Además, su narrativa antisistema enfrenta un dilema: mientras critica al Estado, debe convencer a una población que depende de él para su sustento. Esto no es CABA, donde el mensaje «liberal cool» encuentra adeptos entre baristas y traders. En Santiago, el peronismo y el zamorismo son más que partidos: son redes de contención social, con más defectos que virtudes, pero también con una base fiel que opera como salvavidas para amplios sectores.

Promesas de Libertad en Tierra de Necesidades

Figueroa también carga con el reto de traducir un discurso nacional a las particularidades de su provincia. ¿Cómo justificar propuestas de dolarización y apertura económica en un lugar donde el comercio es tan local que podrías comprar fiado en cualquier almacén? El santiagueño promedio podría preguntarse: «¿Qué es eso del libre mercado si el único mercado que conozco es el de los días sábados?»

A esto se suma el «ajuste motosierra» promovido por Milei, que incluye recortes radicales en jubilaciones, universidades y programas sociales. En Santiago del Estero, donde la universidad pública es muchas veces la única puerta de acceso a la educación superior, y los jubilados representan una parte importante del tejido social, estas ideas pueden sentirse más como una amenaza que como una solución. El mensaje libertario podría terminar siendo percibido como una quita de derechos en lugar de una promesa de prosperidad.

La Oportunidad del Descontento

Como objetivo real en lo electoral, según la encuesta de la consultora Polites, lo concreto es posicionarse como segunda fuerza en lo local, sumar bancas de diputados provinciales y aspirar a lograr alguna banca nacional. Este objetivo, si bien desafiante, no es imposible. Requiere que Javier Milei nacionalice la campaña para legisladores, apalancando su figura para arrastrar votos en las regiones donde su discurso disruptivo tiene menos presencia territorial.

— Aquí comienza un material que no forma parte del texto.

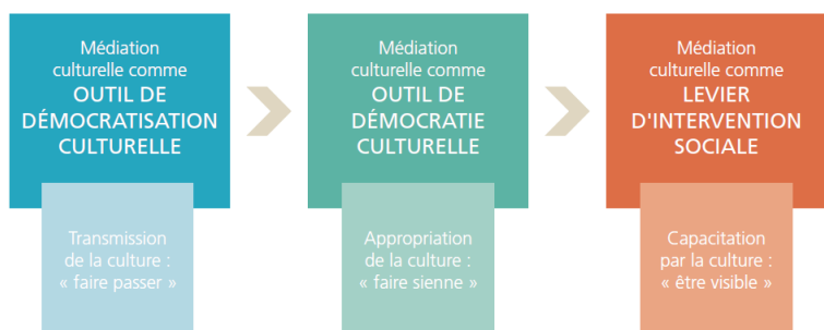
FIGURE 1 – CONTINUUM DE LA PRATIQUE DE MÉDIATION CULTURELLE OBSERVÉ DANS CULTURES DU CŒUR

« Nous remarquons que la médiation culturelle est employée selon plusieurs sens par les acteurs œuvrant autour de Cultures du cœur, depuis le sens traditionnel du terme, c'est-à-dire en termes de démocratisation et de démocratie culturelles, jusqu'à une utilisation d'une médiation culturelle comme levier d'intervention sociale visant la capacitation des personnes ».
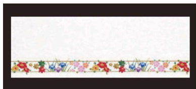
⑤ 箸置マット (100枚単位) B-20-95 雲流入 花帯 ¥1,700 (1枚 ¥17) (38×13)
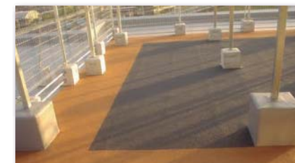
マンション屋上 有効利用 共有スペース
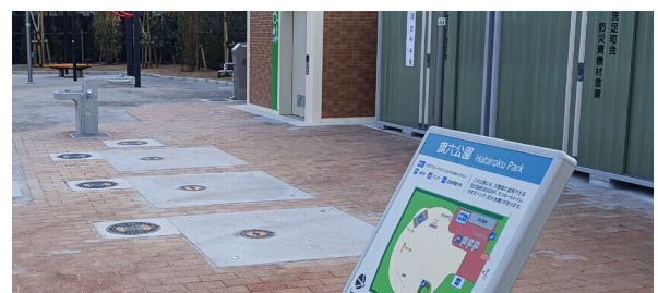
旗の台公園 (東京都品川区)
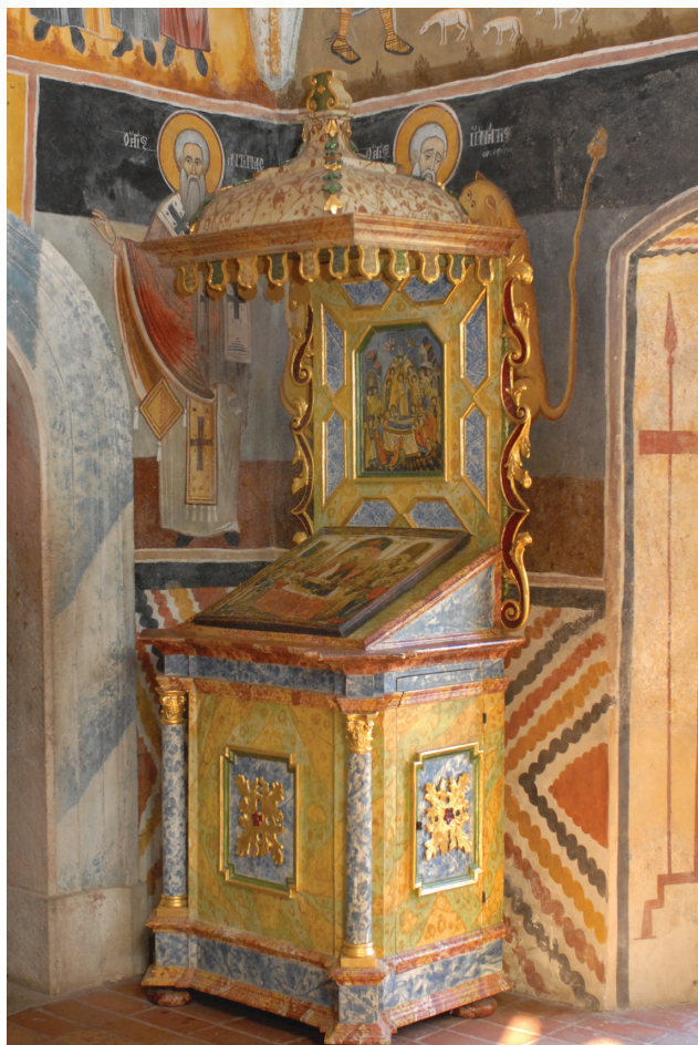
6. kép: Baldachinos ikontartó szekrény (Keresztelő Szent János-kápolna, keleti fal)

Dicho esto, no todo está perdido para Figueroa. Su apuesta podría resonar en sectores jóvenes que sienten que el zamorismo les ofrece un techo de cristal. El desencanto con el sistema tradicional podría ser su plataforma de despegue. Pero para eso necesita algo más que retórica explosiva: necesita propuestas viables y una narrativa que conecte con las necesidades locales, lejos de ser percibida como una receta impuesta desde Buenos Aires.

¿Revolución o Retroceso?

Tomás Figueroa no es un fenómeno interesante sino más bien una persona de una familia tradicional de empresarios vinculados al Estado provincial, que promete libertad individual en una provincia donde la colectividad está profundamente entrelazada con el Estado. Su irrupción podría ser el inicio de un cambio en el paisaje político santiagueño o, más probablemente, una curiosidad efímera que recordarán los analistas dentro de unos años.

Lo que es seguro es que su cruzada libertaria en Santiago del Estero plantea una pregunta fascinante: ¿puede el liberalismo práctico florecer en un terreno tan hostil? La respuesta, como siempre, la tendrá el electorado, entre un mate y una pausa para la siesta.